Q & A with Dr. James Pate | OB/GYN Associates of Attleboro | Attleboro, MA

Published on March 28, 2018

March is Endometriosis Awareness Month

Q & A with Dr. James Pate

Dr. James PateJames Pate, MD

Dr. Pate is a board certified obstetrician-gynecologist who specializes in minimally invasive surgery, LGBT health, and family planning.

There is a big misconception out there that having painful periods is just par for the course as a woman. And while “that time of the month” isn’t pleasant—cue the cramps, bloating, and mood swings, you should have a deeper conversation with your doctor if you feel there’s something more going on.

Talking with Dr. Pate, board certified gynecologist at OB/GYN Associates of Attleboro, we’ve asked him to provide some insight into this condition that affects nearly 10% of women who are in their reproductive years.

Q. People may have heard of the term, endometriosis, but what exactly is the condition?

A. Endometriosis is when the tissue that lines the uterus, the endometrium, grows outside of the uterus and on organs such as the ovaries and fallopian tubes. This tissue continues to build up and break down causing small amounts of bleeding that can get trapped. This causes pain, inflammation and can result in scar tissue.

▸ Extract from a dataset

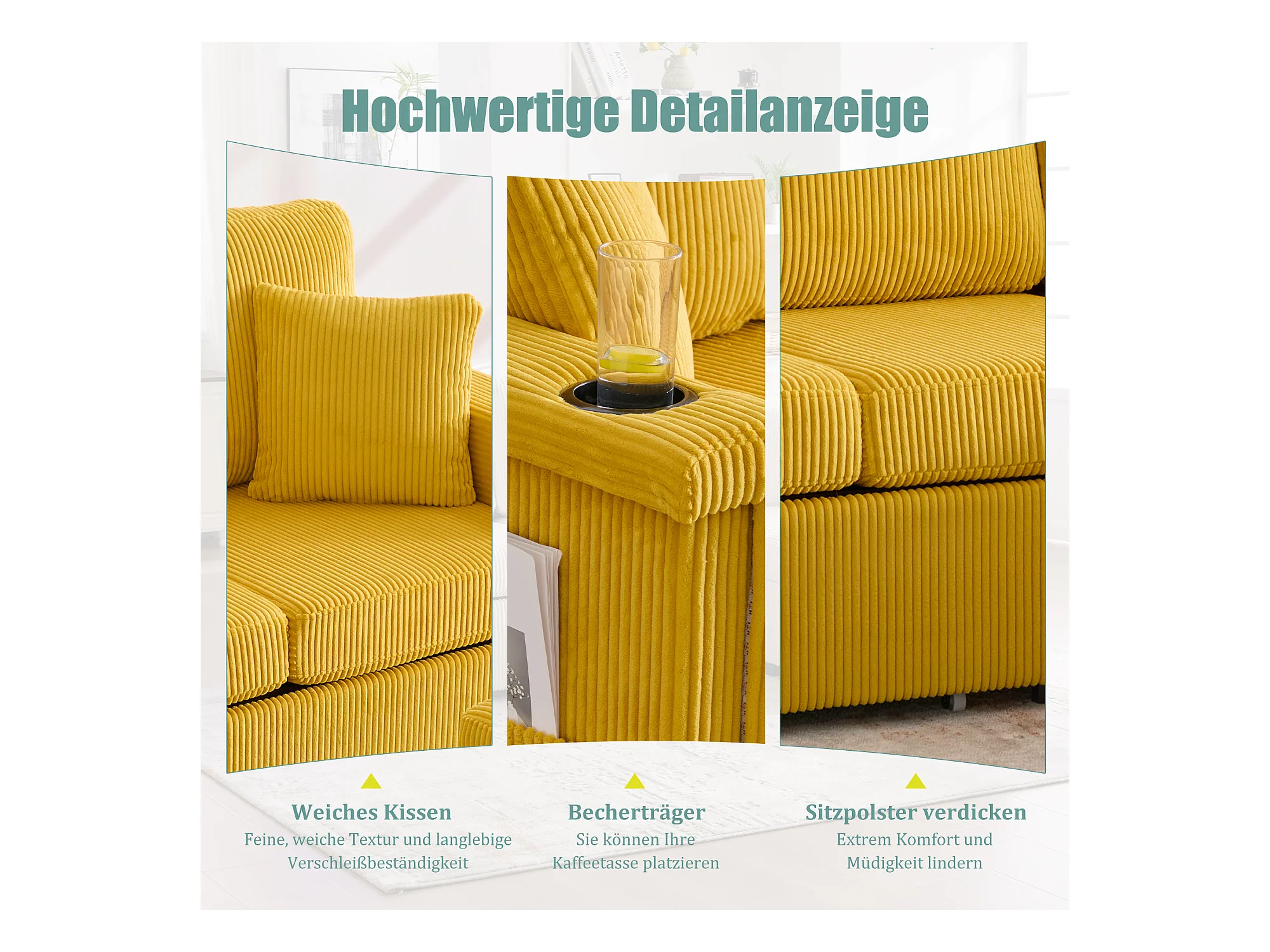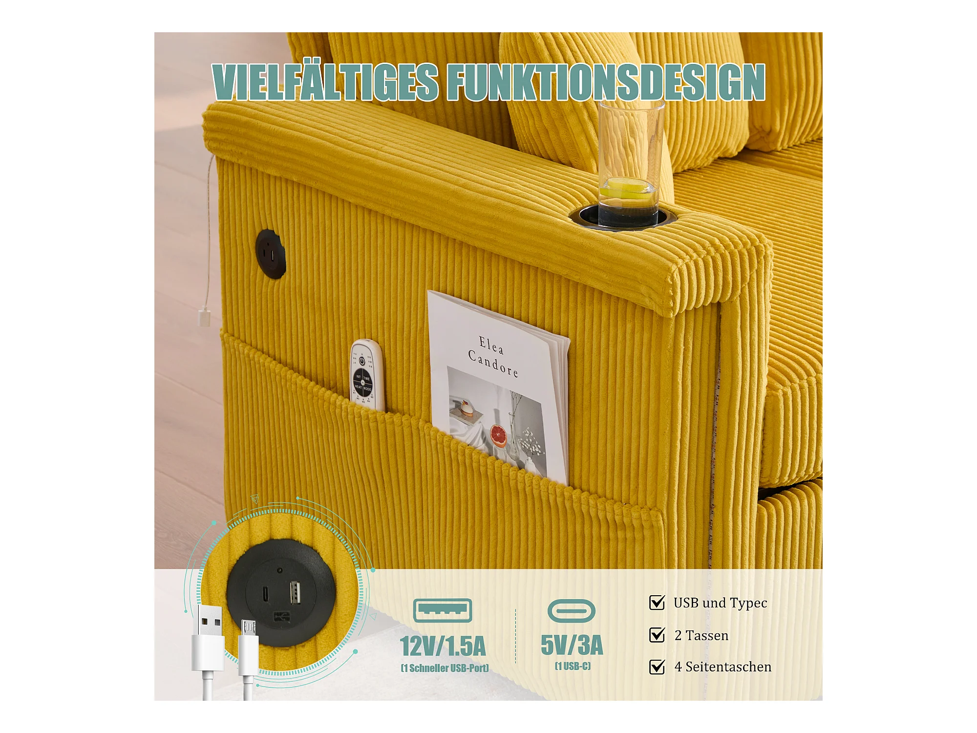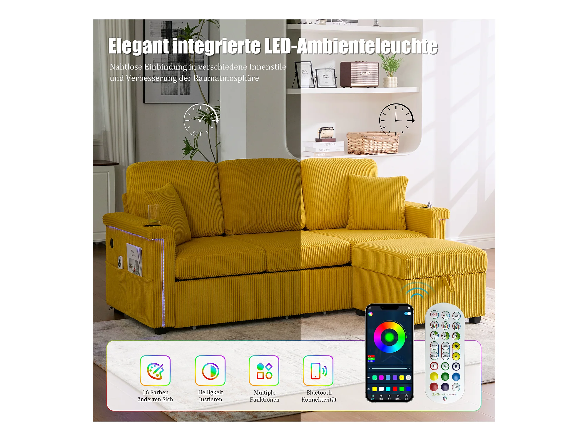 Canapé 4 places - 194 x 73 x 81 cm - avec Leds + USB + repose-pieds avec rangement + 2 tiroirs - Velours - jaune

Q. Statistics indicate that it can take almost 10 years for a women to receive a diagnosis of endometriosis. Why do you think that is?

A. Simply put, the symptoms of the disorder may cause women to think that what they are experiencing is normal during their reproductive years. They don’t always realize that it could be something more. Pelvic pain, pain during the menstrual cycle, ovarian cysts, back pain and difficulty becoming pregnant are all symptoms of the disorder. You can see how easy it may be for women to brush it off as “normal issues.” Conversely, there are women who do not experience any of the above symptoms, but have the condition.

Q. If a woman suspects she has endometriosis, what are your recommendations to her?

A. If a woman is experiencing pain, I would encourage her to talk with her doctor. Pain is not normal. As health care providers, we want to help our patients, but we need to know what they are experiencing in order to diagnosis and treat. As a women, you need to be comfortable with your provider. As OB/GYNs we understand that women have unique health care issues, some of which may feel too embarrassing to talk about or evoke feelings of fear.

It’s important to know that endometriosis, if undiagnosed can cause damage to the reproductive organs, which makes it all that more important to discuss symptoms if you suspect you may have it.

Q. How is the disorder diagnosed? What does treatment look like?

A. Based upon symptoms, your gynecologist will likely conduct a pelvic exam and an ultrasound to identify if there are any physical cues for the disorder such as cysts. A laparoscopy, minimally invasive surgery, is the only way to definitively diagnose the condition, however, diagnosis is often made and treatment given without surgery. There is no cure for endometriosis at this time, but we can work to manage symptoms. Options for treatment are based on the individual and decisions made with a doctor, but may include hormone therapy, pain management, and surgery.